Yoga
Learn about yoga and meditation.
The Practice behind the Practice.
I’ve been practicing for over a decade now, both as a dedicated student and as a teacher. In both scenarios I’ve regularly tried to explain the meaning of yoga to myself and students, and the reasons why I practice. In all honesty, I find that a very difficult thing to do because my reasons for practicing yoga change regularly.
The ancient origin of the word ‘yoga’ in Sanskrit means to yoke. That is, to yoke or join together one’s personal consciousness with the universal consciousness. It is union, or the integration of one’s physical, mental and spiritual energies for harmonious wellbeing.
Sometimes it is simply a way to reclaim my body and find length through my limbs and spine. Stretching out after hours of hunching over a computer, or a desk is in a word – medicine.
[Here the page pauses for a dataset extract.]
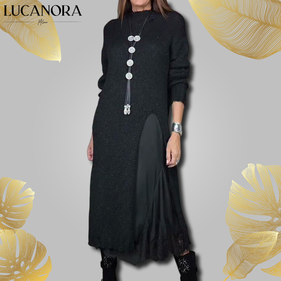 Dopasowany krój dla każdej sylwetki: Sukienka z dzianiny delikatnie otula ciało, podkreślając kształty bez ucisku, a luźny sweter tworzy stylową warstwę zewnętrzną, która równoważy proporcje i nadaje całości lekkości. Efekt? Elegancja z odrobiną swobodnego wdzięku.

If I’ve been totally in my mind in an analytical manner, it can be a way to shake off the inner dialogue. The inner critic and the to-do-lists can be unrelenting. The ‘could-a should-a would-a’ scenario is so pointless and draining, but yet we all fall into that pattern of incessant over thinking. What’s worse is that we often don’t even know that we are doing it. A daily practice provides the means in which you can practice “Svadyaya” or self-study. Self-study means being aware of the inner dialogue, the words we speak, the thoughts we have.
The concept of Ishvara Pranidhana is a recent revelation into the real deeper connection that I have to this sacred practice. It is to surrender all the fruits of practice to whatever it is that one conceives to be a greater power beyond one’s self. It is acting as best we can, and then relinquishing all attachment to the outcome of our actions. This letting go focuses us on the process of the practice rather than on the goals of practice.
Only by releasing our fears and hopes for the future can we really be in union with the present moment. Today, for most of us, life is fragmented… absent from the living moment. We find ourselves living a concept of life – not life itself.
Guru Singh summed this up so potently in a lecture the other day.
“We have developed this life that isn’t life; with its food that isn’t food; amongst beliefs that aren’t to be believed and we are now controlled by feelings that aren’t actual our true feelings . . . they are composite drawings of some hopes and anticipations reacting to other fears and doubts. Life has become the anticipation of memory . . .a far cry from an experience of your existence that is intended.”
So I practice to live the best life I can live. To meet my destiny and to experience the wonder and the mystery of that thing that is greater than all of us, that is the essence and the commonality within all of us. To experience this moment, as it is with all of it’s unlimited potential with all of it’s limited bounds. To be in this body, and this mind without the need to change anything, but moment to moment making the choices that are in alignment with the true-self. The heart.